- Task goal -
Give the data back exactly. Leave out any images.

- Information supplied -
»»

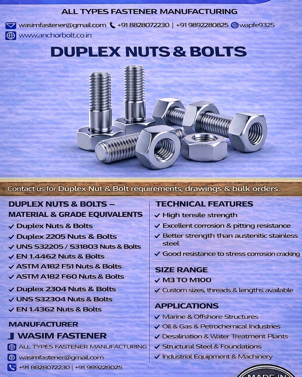 Duplex fasteners are ideal for marine & offshore structures, oil & gas pipelines, desalination plants, petrochemical industries, structural steel, and heavy engineering applications. We also offer custom sizes, special threads, surface finishes, and project-specific fasteners as per client drawings.
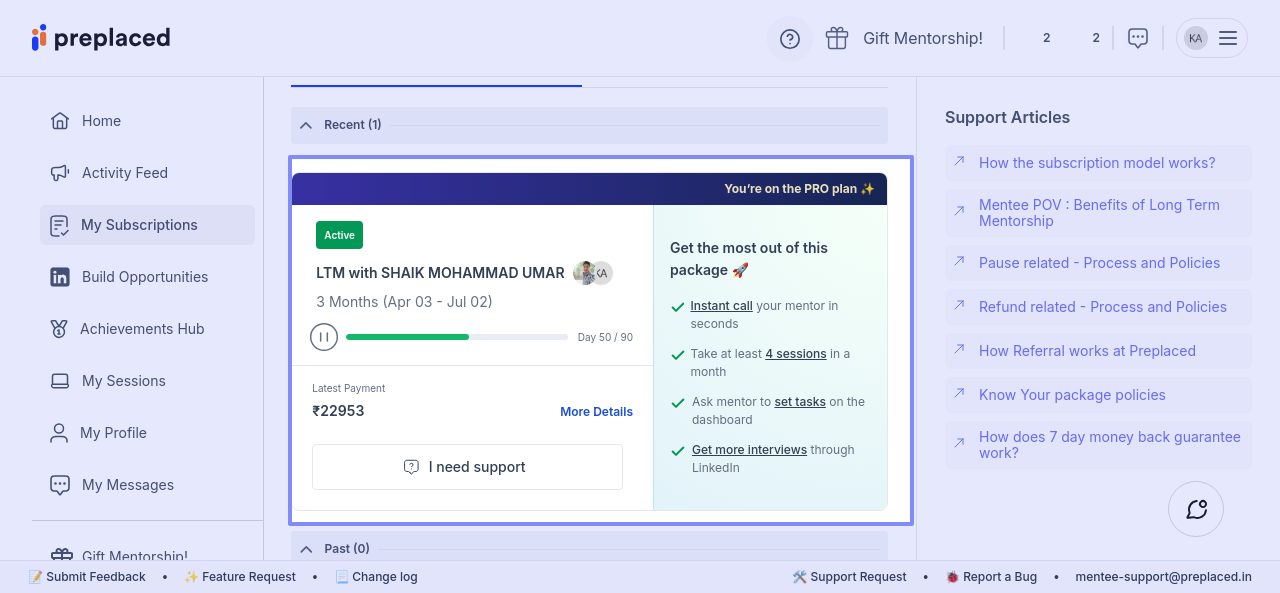 I have paused my course for 15 days. The website should display my progress as Day 36/90, but it has incorrectly counted the 15 days, showing 50/90. Please take the necessary action to correct it to 36/90 days.
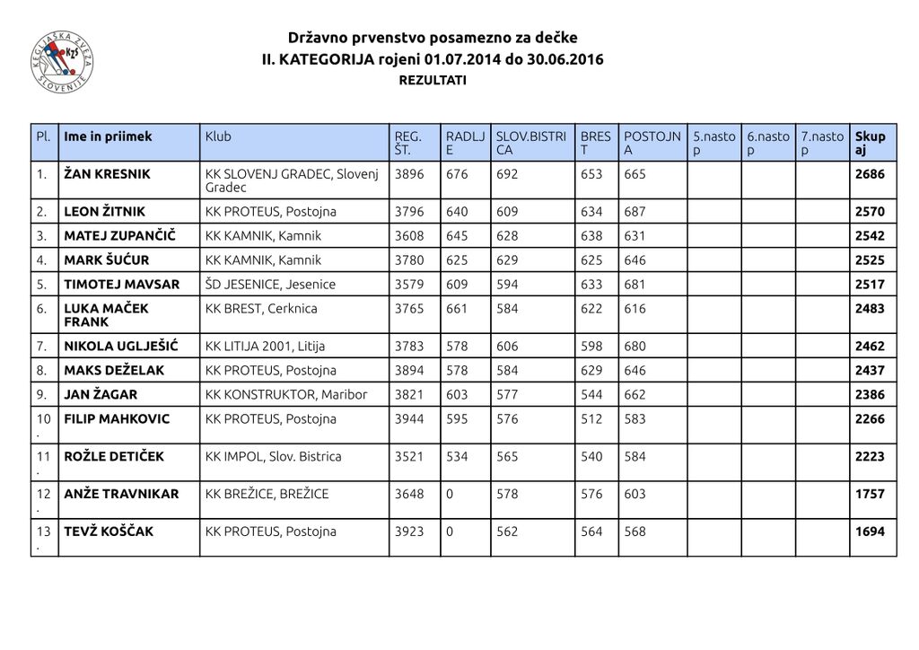 V 2. kategoriji dečkov se odigra 120 lučajev na polno. S svojim prvim nastopom v tej kategoriji se je tekmovanja udeležil Alen Pečovnik. V štirih nastopih do konca sezone ne more osvojit ne vem kakšnega mesta. Zadnji pa vseeno ni. Danes je pokazal da se zna borit, da ga ne zmede slab met ali rezultat. Na treningu se mora osredotočit na kegljanje, kot je to naredil na tekmi in rezultati naslednjo sezono ne bodo izostali. Čestitke Alen, pogumen prvi nastop.
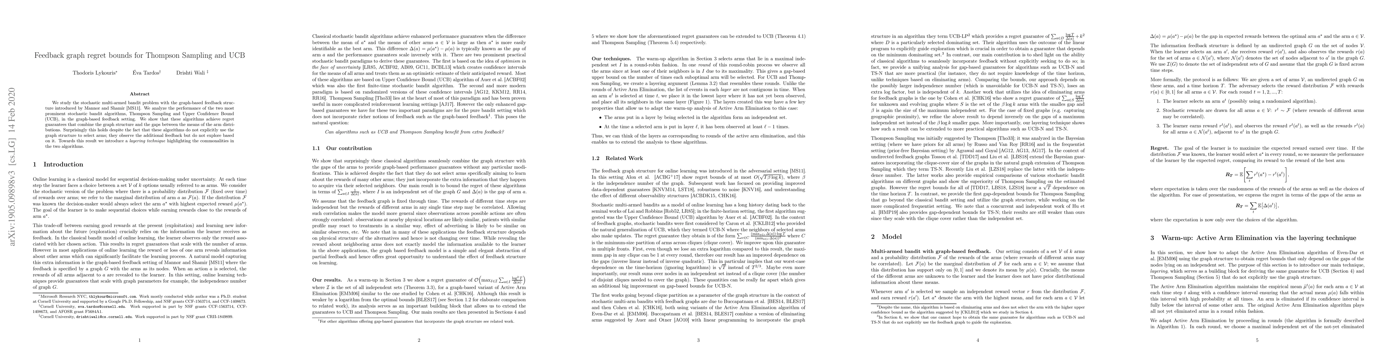 This paper analyzes Thompson Sampling and UCB algorithms in a stochastic multi-armed bandit problem with a graph-based feedback structure. It demonstrates that these algorithms achieve regret bounds that incorporate both the graph structure and mean gaps, despite not explicitly using the graph for arm selection.

««

- Exercise solution -
 Duplex fasteners are ideal for marine & offshore structures, oil & gas pipelines, desalination plants, petrochemical industries, structural steel, and heavy engineering applications. We also offer custom sizes, special threads, surface finishes, and project-specific fasteners as per client drawings.
 I have paused my course for 15 days. The website should display my progress as Day 36/90, but it has incorrectly counted the 15 days, showing 50/90. Please take the necessary action to correct it to 36/90 days.
 V 2. kategoriji dečkov se odigra 120 lučajev na polno. S svojim prvim nastopom v tej kategoriji se je tekmovanja udeležil Alen Pečovnik. V štirih nastopih do konca sezone ne more osvojit ne vem kakšnega mesta. Zadnji pa vseeno ni. Danes je pokazal da se zna borit, da ga ne zmede slab met ali rezultat. Na treningu se mora osredotočit na kegljanje, kot je to naredil na tekmi in rezultati naslednjo sezono ne bodo izostali. Čestitke Alen, pogumen prvi nastop.
 This paper analyzes Thompson Sampling and UCB algorithms in a stochastic multi-armed bandit problem with a graph-based feedback structure. It demonstrates that these algorithms achieve regret bounds that incorporate both the graph structure and mean gaps, despite not explicitly using the graph for arm selection.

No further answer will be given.